Far, far away from those city lights
and I guess it's just to change the sites.
Finally I need to see you again
but then with you as a...real tough man.

24.07.07

Soeben ist mir klar geworden, dass ich, als angeblich sprachenbegabter Mensch, mit gerade mal 2 plus minus Fremdsprachen in dem, was ich mir vorgenommen habe, schneller wieder den Nullpunkt erreichen werde als dann, würde ich erst gar nicht damit beginnen. Von und mit zwei Sprachen kannst du nicht leben, dir vielleicht jeden Tag 3 bis 4 Stullen schneiden und streichen, dir aber keine riesigen Güter sichern. Das ist schlecht, das ist unpassend, das ist der vorprogrammierte Untergang namens Unter- oder Mittelschicht. Muss doch möglich sein, seinen Arsch hochzukriegen bevor man auf der Fresse landet, sprich den Arsch möglichst oben behalten und die Fresse erst recht, denn Fressen sind ohnehin gefragter als Ärsche, zumindest in dem Bereich, in dem ich mich momentan bewege, also bewegen will. Leute kritisieren meine Kommatasetzung, ohne sich darüber bewusst zu sein, dass dies sehr, sehr fakultativ geschieht, sozusagen ohne Zwang, ohne-r defekter Basis. Um auf das eben angewandte ohne-r zurückzukommen, würde ich es begrüßen mein eigenes Deutsch anzuwenden, sofern sich diese Möglichkeit bietet, ohne mit den entsprechenden Kosequenzen rechnen zu müssen. Gegen den sprachlichen Strom schimmen, sich für etwas einsetzen, das vielleicht nie erfolgreich wird, dazu braucht man eine gehörige Portion Idealismus, Hoffnung und eben nicht nur für den Sprachenfaktus. Isn’t this the moment languages are created for? Well, perhaps not. Apparently not. I guess finally the pleasure’d be all mine and especially in some people’s hearts. Enough about.

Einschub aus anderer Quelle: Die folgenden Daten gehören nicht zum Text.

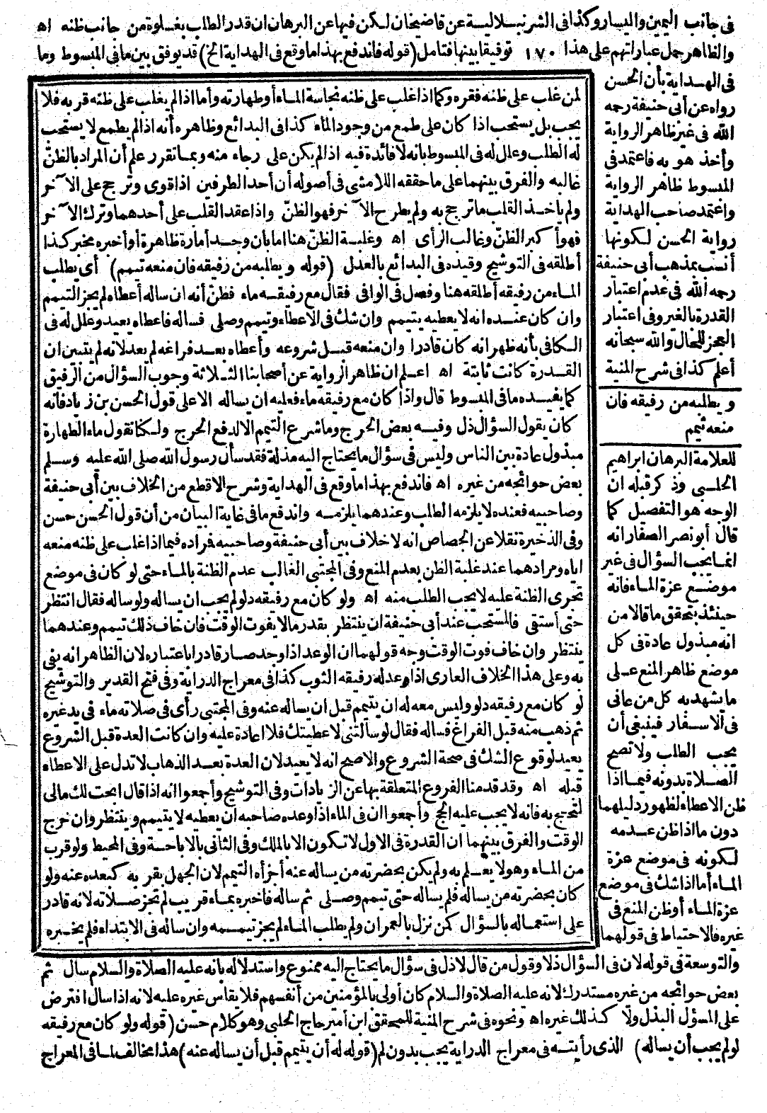 اعْلَمْ أَنَّ ظَاهِرَ الرِّوَايَةِ عَنْ أَصْحَابِنَا الثَّلَاثَةِ وُجُوبُ السُّؤَالِ مِنْ الرَّفِيقِ كَمَا يُفِيدُهُ مَا فِي الْمَبْسُوطِ قَالَ: وَإِذَا كَانَ مَعَ رَفِيقِهِ مَاءٌ فَعَلَيْهِ أَنْ يَسْأَلَهُ إلَّا عَلَى قَوْلِ الْحَسَنِ بْنِ زِيَادٍ، فَإِنَّهُ كَانَ يَقُولُ السُّؤَالُ ذُلٌّ وَفِيهِ بَعْضُ الْحَرَجِ وَمَا شُرِعَ التَّيَمُّمُ إلَّا لِدَفْعِ الْحَرَجِ وَلَكِنَّا نَقُولُ مَاءُ الطَّهَارَةِ مَبْذُولٌ عَادَةً بَيْنَ النَّاسِ وَلَيْسَ فِي سُؤَالِ مَا يَحْتَاجُ إلَيْهِ مَذَلَّةٌ فَقَدْ «سَأَلَ رَسُولُ اللَّهِ - صَلَّى اللَّهُ عَلَيْهِ وَسَلَّمَ - بَعْضَ حَوَائِجِهِ مِنْ غَيْرِهِ» اهـ.

Jedenfalls bin ich dazu verpflichtet, ich habe mich dazu-, mein Gedächtnis, meine kognitiven Fähigkeiten zu schulen, zu verbessern. Ich denke, im Grunde meines Herzens könnte ich wesentlich besser sein. Wenn ich lese, brauche ich nicht lernen. Mag heißen, dass ich Dinge lese, Worte lese und sehe, um sie dann nie wieder zu vergessen. Es steckt also doch eine unbewusste Intention dahinter, Wissen behalten zu wollen und sich wieder in dem Wissen zu befinden, dies auch zu können. Man spricht sich allzu oft die Kompetenz ab, Asphalt beschreiten zu können. Vor allem im Sommer, wenn es heiß ist.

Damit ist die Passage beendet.